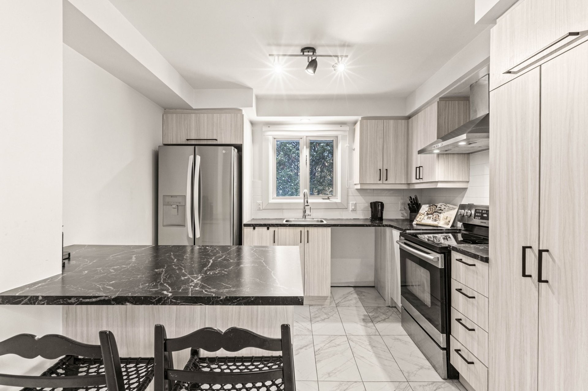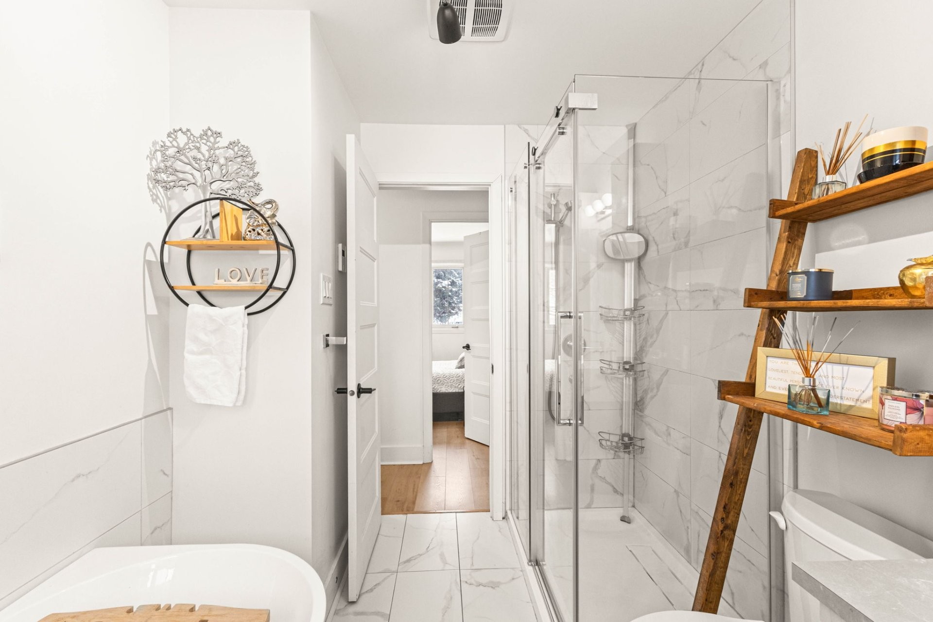 The main unit, fully renovated with a modern touch, offers bright and functional living areas. It includes four bedrooms, one of which is located in the basement and can easily be converted into a spacious family room, multipurpose area, or an ideal bedroom for a teenager. The main-floor bathroom features heated flooring, adding everyday comfort.
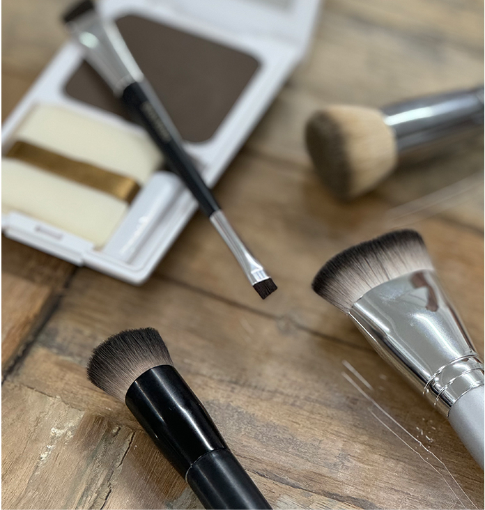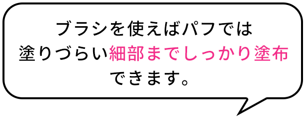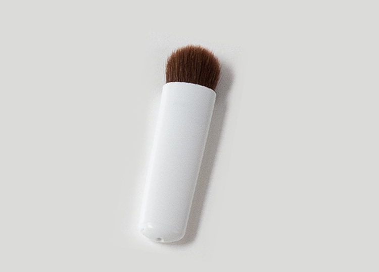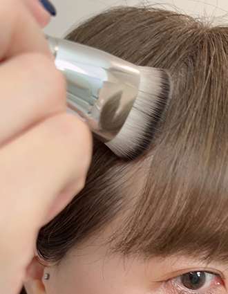 付属のパフでM字部分をうぶ毛をぼかすように塗布し、小さいブラシでもみあげ部分に産毛を足す様なイメージで塗布します。広範囲を隠したい時は自宅にあった大きめのブラシを使用しています。
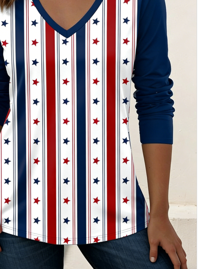 V Neck Casual Cotton-Blend Geometric T-Shirt
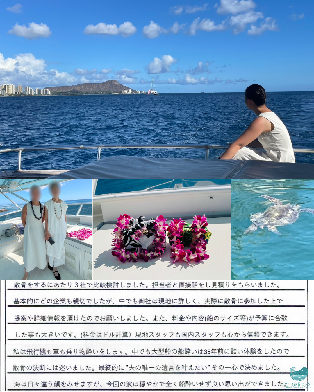 どの企業も親切でしたが、中でも御社は現地に詳しく、実際に散骨に参加した上での提案や詳細情報を頂けたのでお願いしました。現地スタッフも国内スタッフも心から信頼できます。
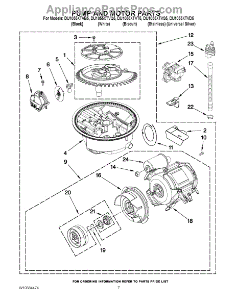 This replacement part is a dishwasher pump and motor assembly. The dishwasher pump and pump motor circulate water through the dishwasher's spray arm. When the spray arms aren't spraying properly, this could mean that it's time for a new pump and motor assembly. Luckily replacing this part is a relatively simple process.Start by making sure the dishwasher is unplugged. After that shut off the water supply going to the dishwasher. Then disconnect the drain line from the garbage disposal or sink drain. Open the dishwasher door and pull out the bottom dish rack. Remove the upper dishrack from its track. Release the spray arm on the bottom of the washer. Then proceed to release the feed tube clips. Using a nut driver remove the bottom access panel and tow panel. Pull them out to remove them. Remove the power cable from the junction box, and disconnect the supply line from the inlet valve. Proceed to pull the dishwasher out of the counter. Tilt the dishwasher on its side and pull the hose from the drain pump. Remove the wire harness from the pump. Disconnect wires from diverter motor and circulation motor. Once complete, proceed to tilt the dishwasher upright and remove the pump and motor assembly from the bottom of the dishwasher. Replace with the new assembly.This replacement part is compatible with Whirlpool, Maytag, KitchenAid, Jenn-Air, Amana, Magic Chef, Admiral, Norge, Roper, and Sears/Kenmore brand dishwashers.
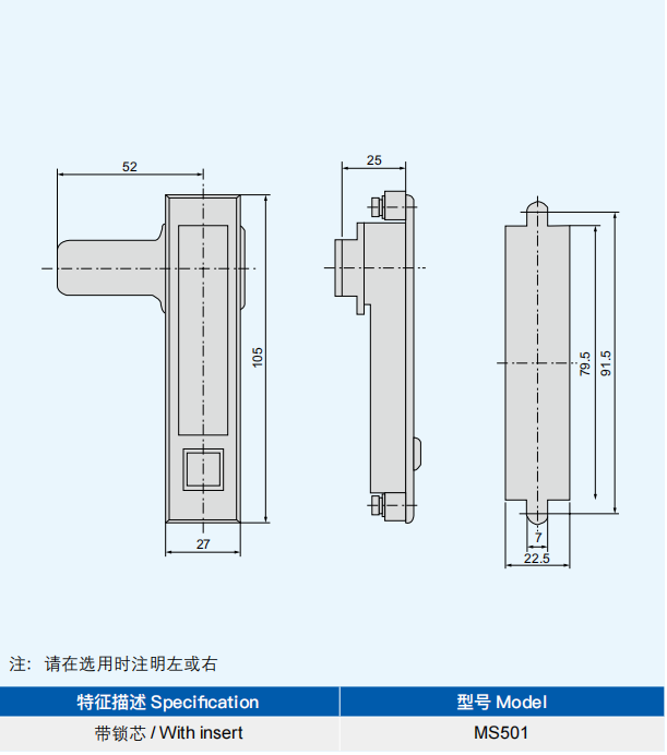 特征说明材质:锌合金基座、锁芯、按钮,碳钢钢栓 表面处理:镀白锌钢栓 结构说明:快速开启,安装方便快捷;通过钢栓打弯适用于不同的止口高度 备注:默认 K0510 钥匙 适用门板厚度:1-4mm
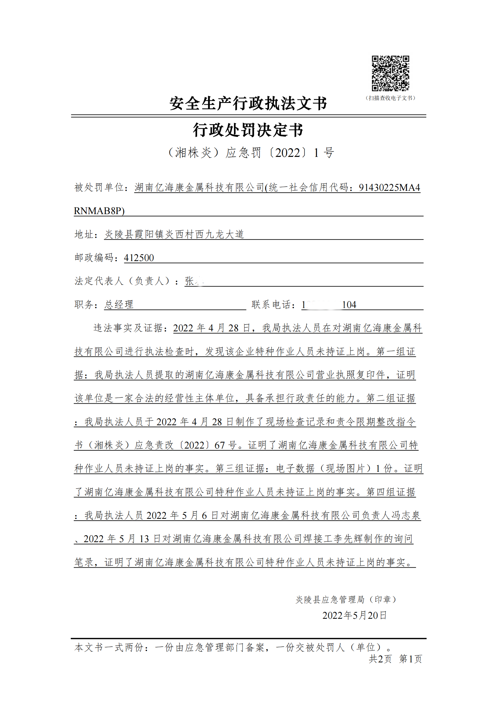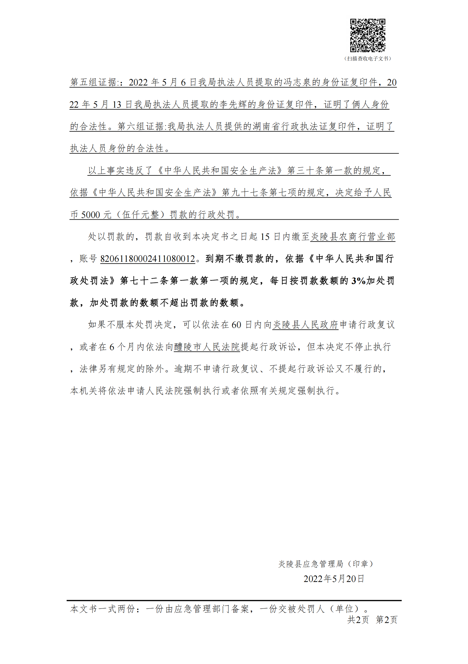炎陵县应急管理局行政处罚决定书(湘株炎)应急罚〔2022〕1号
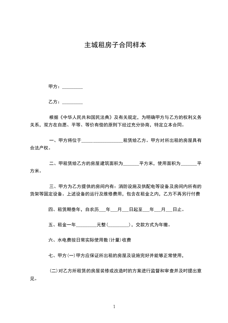 承租方(以下简称乙方):___________身份证号码:__________________
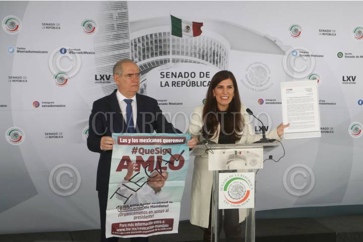 CIUDAD DE MÉXICO, 02DICIEMBRE2021.- Los senadores Julen Rementeria, Kenia López Rabadan y Damián Zepeda de la bancada del PAN, ofrecieron una conferencia de prensa en la que informaron que el INE aprobó que la propaganda para la revocación de mandato de Andrés Manuel López Obrador, presidente de México, sea quitada en las calles y redes sociales en 12 horas. El acto se realizó en el Patio del Federalismo. FOTO: GRACIELA LÓPEZ /CUARTOSCURO.COM
**********
Pictures are to be dropped; the lines from the start of the entries above through the line with "どの企業も親切でしたが、中で" are to be given again verbatim.

 The main unit, fully renovated with a modern touch, offers bright and functional living areas. It includes four bedrooms, one of which is located in the basement and can easily be converted into a spacious family room, multipurpose area, or an ideal bedroom for a teenager. The main-floor bathroom features heated flooring, adding everyday comfort.
 付属のパフでM字部分をうぶ毛をぼかすように塗布し、小さいブラシでもみあげ部分に産毛を足す様なイメージで塗布します。広範囲を隠したい時は自宅にあった大きめのブラシを使用しています。
 V Neck Casual Cotton-Blend Geometric T-Shirt
 どの企業も親切でしたが、中でも御社は現地に詳しく、実際に散骨に参加した上での提案や詳細情報を頂けたのでお願いしました。現地スタッフも国内スタッフも心から信頼できます。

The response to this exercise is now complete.